Issue (i): Whether a director who resigned before expiry of the prescribed period for realisation of export proceeds could still be proceeded against for contravention under the Foreign Exchange Regulation Act, 1973.
Analysis: Liability under the Act depended on whether the person was in charge of and responsible for the conduct of the company's business at the time of the contravention. The statutory scheme of Section 18 treated the prescribed period for repatriation as the outer limit and created a rebuttable presumption of contravention once that period expired without payment. The Court found that the petitioner remained a director during the export period and until a date within the prescribed period, and the complaint contained specific averments regarding his role in the company's affairs. On that basis, his subsequent resignation did not by itself negate liability at the threshold.
Conclusion: The petitioner was not shown to be of the statutory sweep at the threshold, and the proceeding against him was maintainable.
Issue (ii): Whether the complaint disclosed sufficient prima facie material to justify refusal of quashing under Section 482 of the Code of Criminal Procedure, 1973.
Analysis: The Court applied the settled principle that quashing is not warranted where the complaint contains the basic averments required to fasten vicarious liability and the materials disclose a prima facie offence. It held that the allegations were not absurd or inherently improbable, and the petition did not furnish material sufficient to rebut the statutory presumption or displace the complaint at the initial stage. The Court therefore found no ground to exercise inherent jurisdiction to interdict the prosecution.
Conclusion: Quashing was declined and the revision was not maintainable on merits.
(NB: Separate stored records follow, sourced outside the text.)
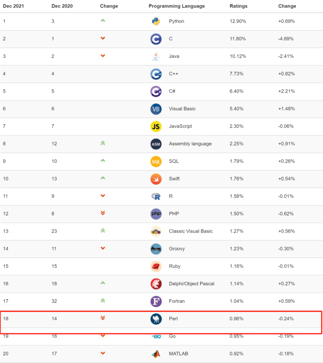TIOBE发布了今年12月的编程语言排行榜,前20名的榜单里,Perl一直处于下游阶段。相比于Python,Perl的境遇显得有些惨淡。当人们讨论“最受欢迎的编程语言”的时候,也很少有人会提到Perl。
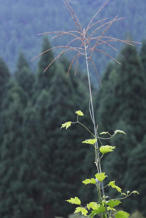 2010年 庭 147 戻る 撮影(09/16) 凄いススキに出会いましたので、記念掲載です。こんな草に巻き付かれて も平気です。粘り腰というのでしょうか。 撮影地は岡山県真庭郡新庄村です。 (Canon) EOS 7D EF70-200mm F4L IS USM
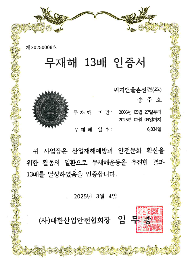 3月26日,根據評估結果,韓國產業安全協會KISA(Korea Industrial Safety Association)向栗村電廠頒發連續13輪6834天無事故記錄認證證書。
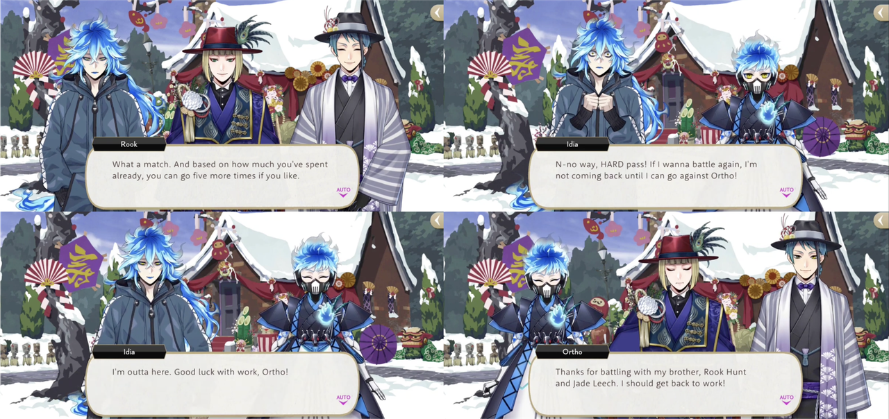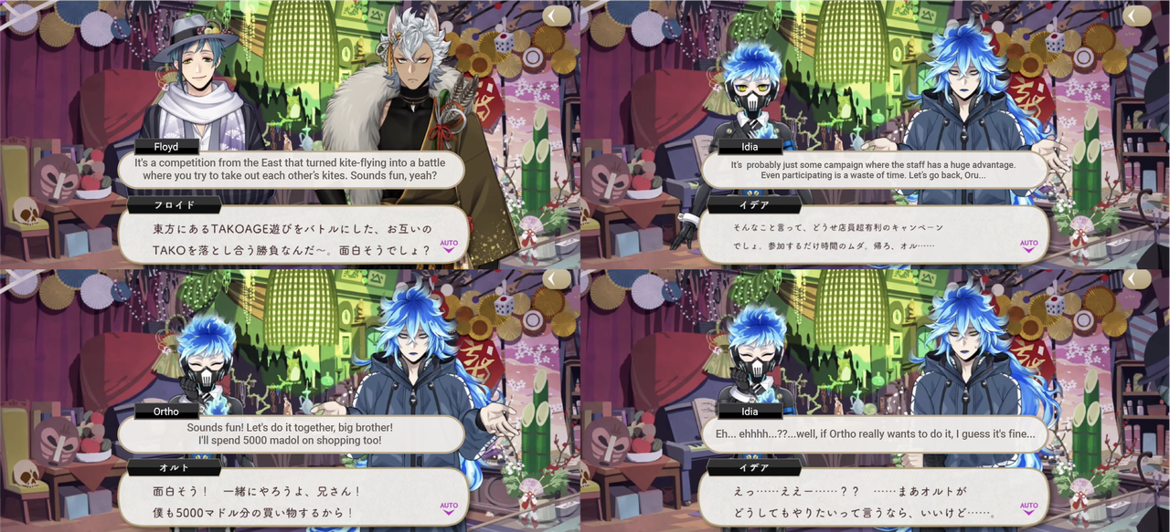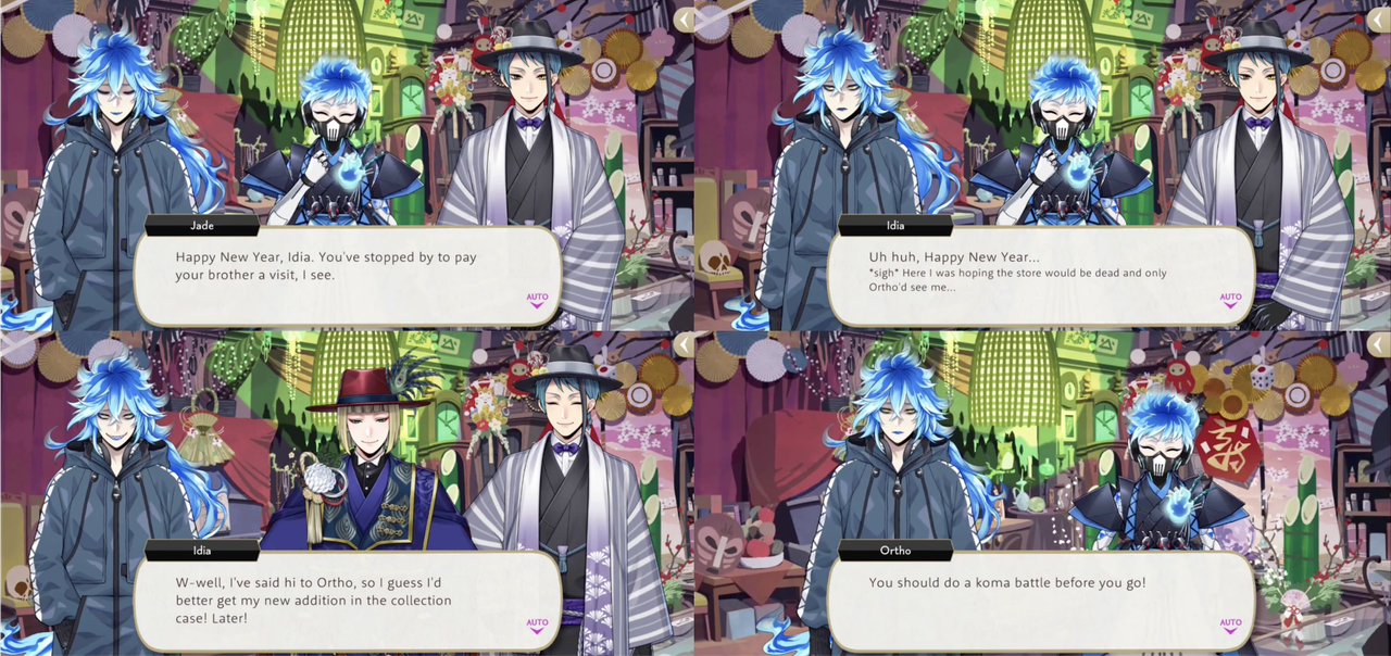 We have repeated examples of Ortho successfully convincing Idia to do things that he wouldn’t normally do: after Floyd and Jack invite them to compete in a game during New Year’s Idia declines on the grounds that it is likely just a campaign where the staff will have a huge advantage, making it a waste of time.
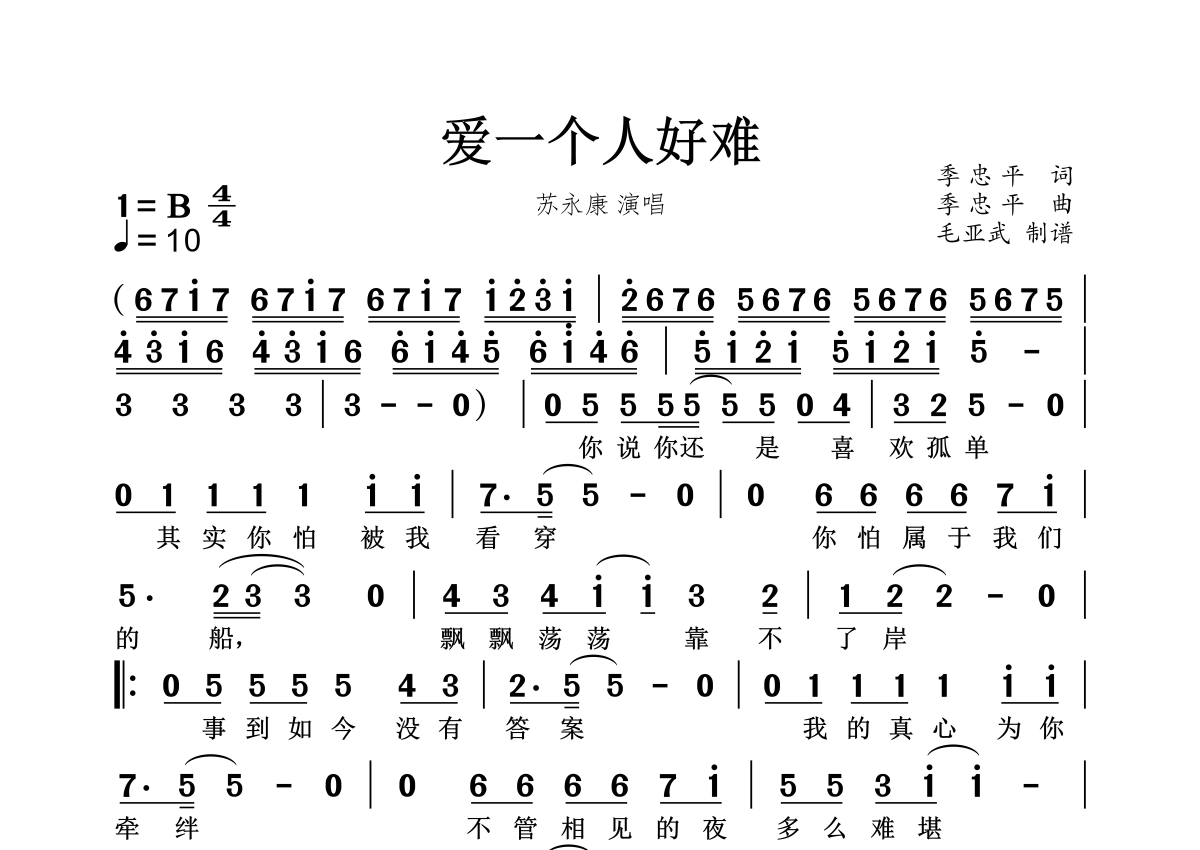 《爱一个人好难》是苏永康演唱的一首歌曲,这份简谱共有两张高清图谱,图谱由 @秋天的童话 编配上传。
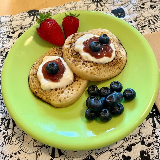 Prima volta che assaggio i crumpets devo dire che sono molto neutri e simili ai pancake. Probabilmente fatti in casa sono un po’ meglio ma comunque sono molto buoni per colazione
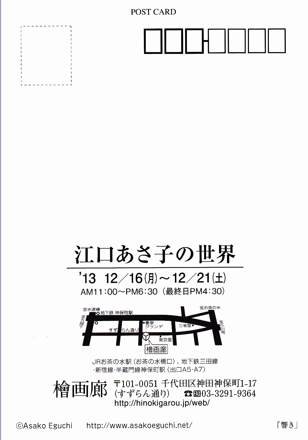 | 江口あさ子の世界 | | 2013/12/16(月)〜12/21(土)AM11:00〜PM6:30(最終日PM4:30) | | 場 所: | 檜画廊 | | 住 所: | 千代田区神田神保町1−17(すずらん通り) | | 電 話: | 03-3291-9364 |  |  | 主な出展概要: 心の中の幻想世界を水彩、アクリル等で表現しました。 大きい作品から小作品まで、20点程展示致します。 |

Final Conclusion: The criminal revision failed because the complaint disclosed a prima facie case and the petitioner's resignation did not defeat liability at the threshold under the foreign exchange law.
Ratio Decidendi: For offences by a company under the Foreign Exchange Regulation Act, 1973, a director may be proceeded against where the complaint specifically alleges that he was in charge of and responsible for the company's business at the relevant time, and the High Court should not quash the proceedings under its inherent jurisdiction when such allegations disclose a prima facie case.